Student Mobility: Cooperation with the University of Boston


The CVV’s student research rotation in Boston

Global health is an area of study, research and practice that places public health in its global context. “Global” refers to the globalisation of population health and to our increasingly global understanding of health, which includes social, economic, political, and other determinants. To further student learning and research in global health, the Centre Virchow-Villermé for Public Health Paris-Berlin (CVV) partnered with Karsten Lunze, an assistant professor at Boston University and graduate of both Charité and Sorbonne, who this academic year mentored the first cohort of CVV funded students during their 3 months global health research rotation in Boston. Funding for the students came from the CVV and the German Academic Exchange Service (DAAD).
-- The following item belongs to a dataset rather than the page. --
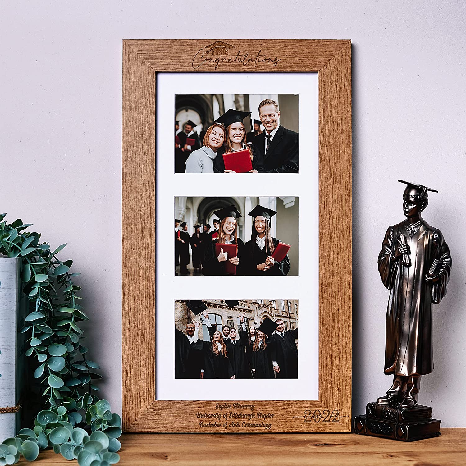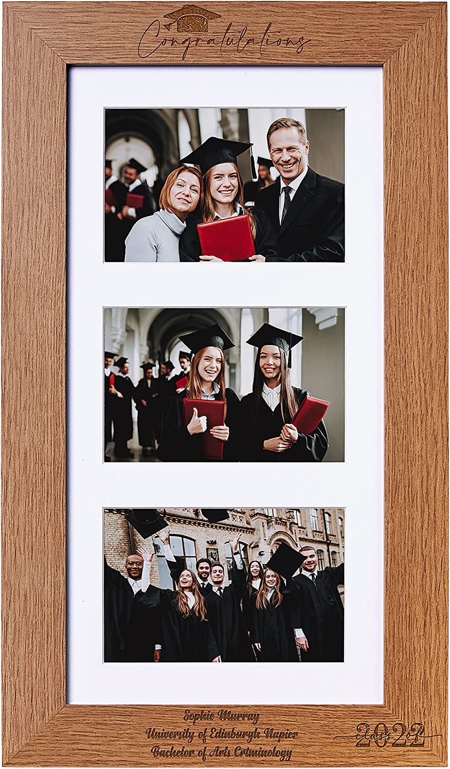 The frame has a oak wood finish with the engraving of one's graduation. The photo frame will hold three standard 6" x 4" photos The personalisation is done via a laser engraver giving a deep engraved finish..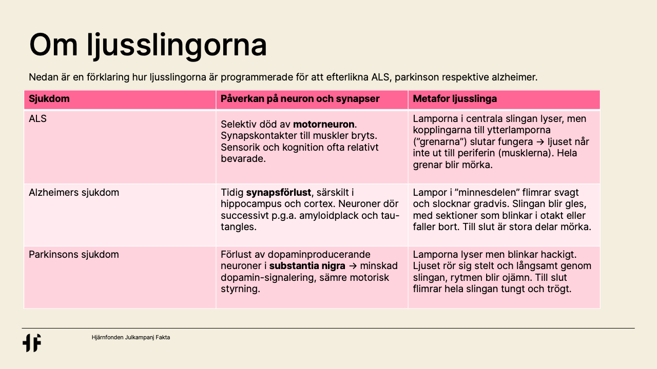 • ALS innebär att motorneuroner förlorar sin funktion. Ljusslingan tappar därför kontakten med de yttre lamporna som symboliserar musklerna.

The discipline of global health is concerned with health promotion and disease prevention particularly among disadvantaged populations. In that sense, both Rudolf Virchow and Louis Villermé were global health pioneers. Much of Virchow’s public health and political activities supported the cause of the urban poor, recognising social and political inequities at the root of health problems. Likewise, Villermé dedicated his public health efforts to the disadvantaged, like child labourers and criminal justice populations. The CVV’s student research rotation in Boston carried Virchow’s and Villermé’s mission forward to current day global health challenges. Following a didactic curriculum on research methods and tools, the students conducted their own global health research projects in Boston, under Karsten Lunze’s supervision and in collaboration with colleagues in Boston, Berlin, and Paris. They researched disadvantaged groups like people who use drugs in Russia and Malaysia, vulnerable populations like new-borns in Sub-Saharan Africa, and other topics.


Hélène Hauch, a French-German medical student at Charité, conducted a study on opportunities for policy change for people who use drugs and who are HIV positive in the Russian Federation. Her research identified strategies to inform health policy in an environment of strong resistance against evidence-based public health and was presented at the Annual Meeting of the American College of Preventive Medicine in Atlanta (USA) this February. Compelled by the stigma that affects this most marginalised group of society, Hélène wants her research to lend a voice to those who have little to no one to advocate for them, those who lack a strong lobby supporting them and those whose voice seems not important enough to be heard. Her project work also made her understand how important, yet difficult it is to be an impartial observer in social science research. She used her research work to reflect upon her own opinion of people who use drugs and explore different approaches to the challenge of drug addictions.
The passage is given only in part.